A catalyst slurry for exhaust gas denitration, comprising titanium oxide dispersed in an aqueous solution of a compound represented by the formula: (2) The catalyst slurry for denitration according to (1), further comprising colloidal silica and / or inorganic fibers.

(3) Molybdenum oxide (MoO ₃ ) and ammonium metavanadate (NH ₄ VO ₃ ) are mixed with an aqueous solvent so that the atomic ratio V / Mo of vanadium to molybdenum is substantially 3/2. With the chemical formula (NH ₄ )
₃ Mo ₂ V ₃ O to obtain an aqueous solution of the compound represented by ₁₅ steps and, preparation of the catalyst slurry for exhaust gas denitration which comprises a step of dispersing titanium oxide in the aqueous solution. (4) A catalyst for exhaust gas denitration, comprising a metal or glass or ceramic catalyst substrate coated with the slurry according to (1) or (2). (5) The denitration catalyst according to (4), wherein the catalyst substrate is a mesh having a through hole, and the catalyst is coated so as to fill the mesh.

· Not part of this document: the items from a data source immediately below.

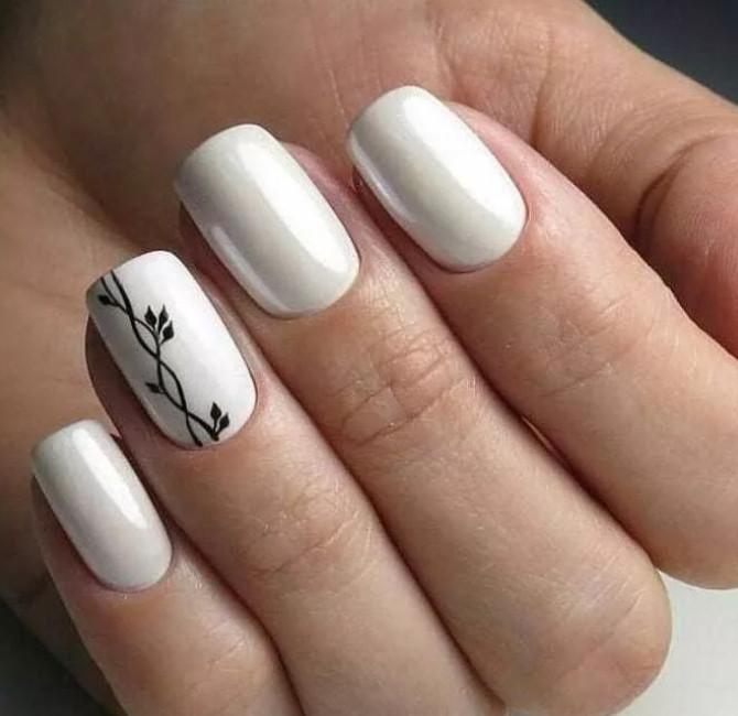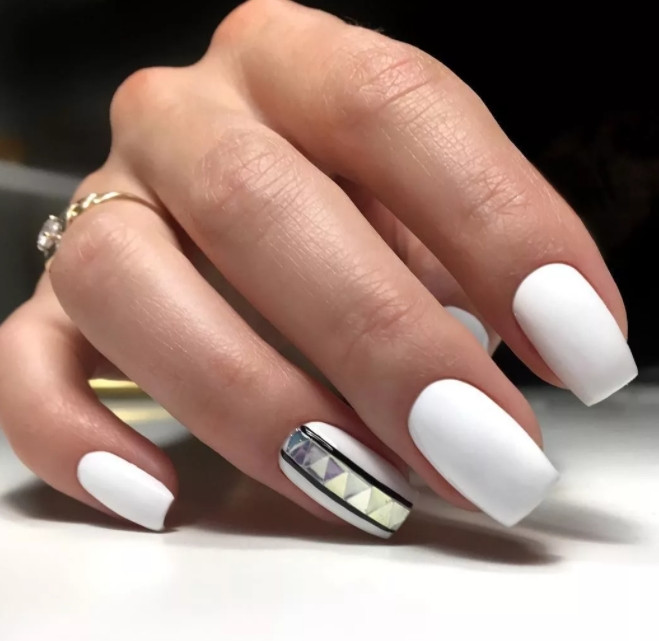 Выразительный белый цвет в матовом исполнении придаст вашему маникюру авангардный характер. Снежный цвет покрывает ногти и прекрасно гармонирует с романтичными и благородными тканями. Такой маникюр хорошо сочетается с шелковыми и кружевными платьями. В более изысканном варианте это классический французский маникюр, но с более широкими белыми полосами.
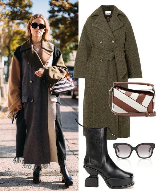 Пальто GANNI [https://www.net-a-porter.com/ru/en/product/1169109/ganni/oversized-double-breasted-wool-blend-boucle-coat], 24 000 руб.; ботинки LOEWE [https://www.mytheresa.com/eu_en/loewe-platform-100-leather-ankle-boots-1316714.html?catref=category], 59 410 руб.; очки CELINE EYEWEAR [https://www.mytheresa.com/eu_en/celine-eyewear-d-frame-acetate-sunglasses-1342436.html?catref=category], 16 293 руб.; сумка LOEWE [https://www.matchesfashion.com/intl/products/Loewe-Puzzle-small-striped-leather-cross-body-bag-1304802], 136 323 руб.
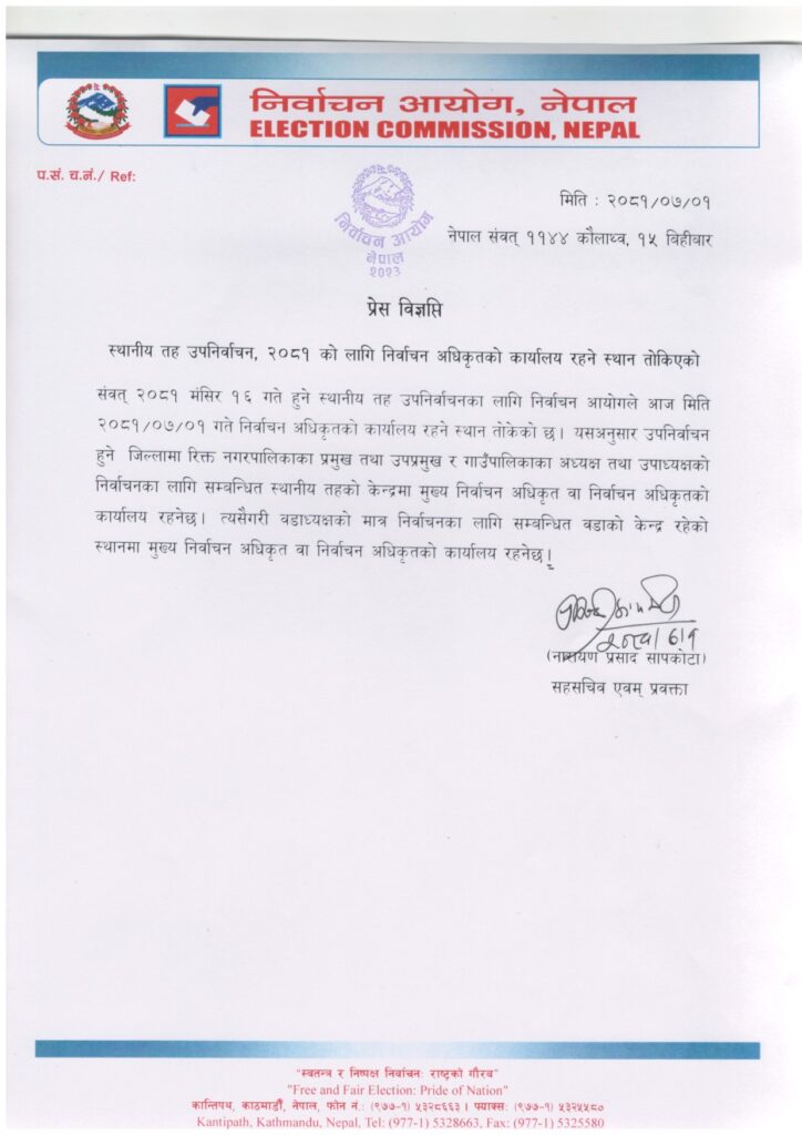 स्थानीय तह उपनिर्वाचन, 2081 को लागि निर्वाचन अधिकृतको कार्यालय रहने स्थान तोकिएको
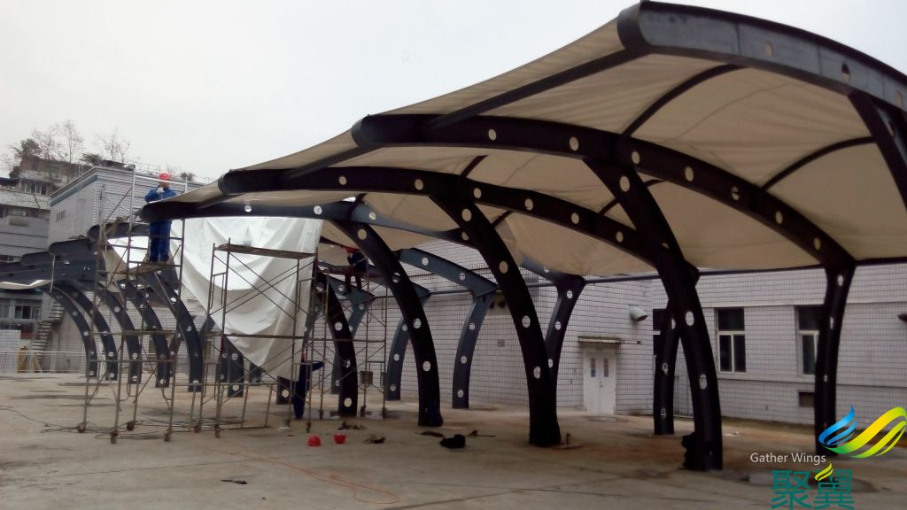 3.藝術(shù)性:一般膜結(jié)構(gòu)車棚的設(shè)計(jì),會(huì)結(jié)合建筑師的創(chuàng)意,利用色彩學(xué)為依托,造出傳統(tǒng)建筑難以實(shí)現(xiàn)的曲線及造型,如果建筑師的設(shè)計(jì)思維夠創(chuàng)新,往往車棚的藝術(shù)性更能得到體現(xiàn)

(6) The exhaust gas denitration system according to (4), wherein the catalyst substrate is a mesh substrate having through holes, and the catalyst is coated in a state where the mesh has through holes. catalyst. (7) The exhaust gas according to any one of (4) to (6), wherein the catalyst base is a flat plate, and the flat plate is formed with corrugations, irregularities, and step-like projections. DeNOx catalyst. (8) A denitration catalyst structure in which the plate-shaped denitration catalyst according to (7) is laminated, and a gas passage is formed between the denitration catalysts. (9) The method for producing a denitration catalyst slurry according to (3), wherein the catalyst is coated by immersing the plate-like catalyst in the slurry according to (1) or (2).

(10) The catalyst slurry according to (1) or (2), after previously laminating and integrating a catalyst substrate having corrugated, uneven, stepped projections formed on the surface of a flat substrate. A method for producing a catalyst structure for exhaust gas denitration, characterized in that the catalyst structure is immersed in the coating and coated with a catalyst. (11) The chemical formula (NH ₄ ) ₃ Mo ₂ V ₃ O, in which the atomic ratio V / Mo of vanadium to molybdenum is substantially 3/2.
An exhaust gas denitration catalyst comprising a compound represented by formula ₁₅ supported on titanium oxide particles.

Hereinafter, the present invention will be described in detail with reference to the drawings. 1 (a), 1 (b), 1 (c), and 1 (d) are cross-sectional views of various meshes used as a catalyst substrate in the present invention, and FIG. FIG.

[0011] The soluble Mo- used in the catalyst slurry of the present invention.
The V compound has been found by the present inventors as a result of intensive studies for solving the above-mentioned prior art, and includes ammonium metavanadate (NH ₄ Vo ₃ ) and molybdenum trioxide (Mo).
O ₃ ) at a V / Mo atomic ratio of 3/2 (practically 3 /
It is a reddish-brown substance obtained by adding to water in 1.7 to 3 / 2.3) and stirring, and the compound is characterized by having a large solubility of 170 g / liter at room temperature. To a solution of this compound, titanium oxide, if necessary, colloidal silica or inorganic fiber as a binder is added to form a slurry, and this is sprayed on the base material or the base material is immersed in the slurry. Then, a catalyst component layer is formed on the substrate.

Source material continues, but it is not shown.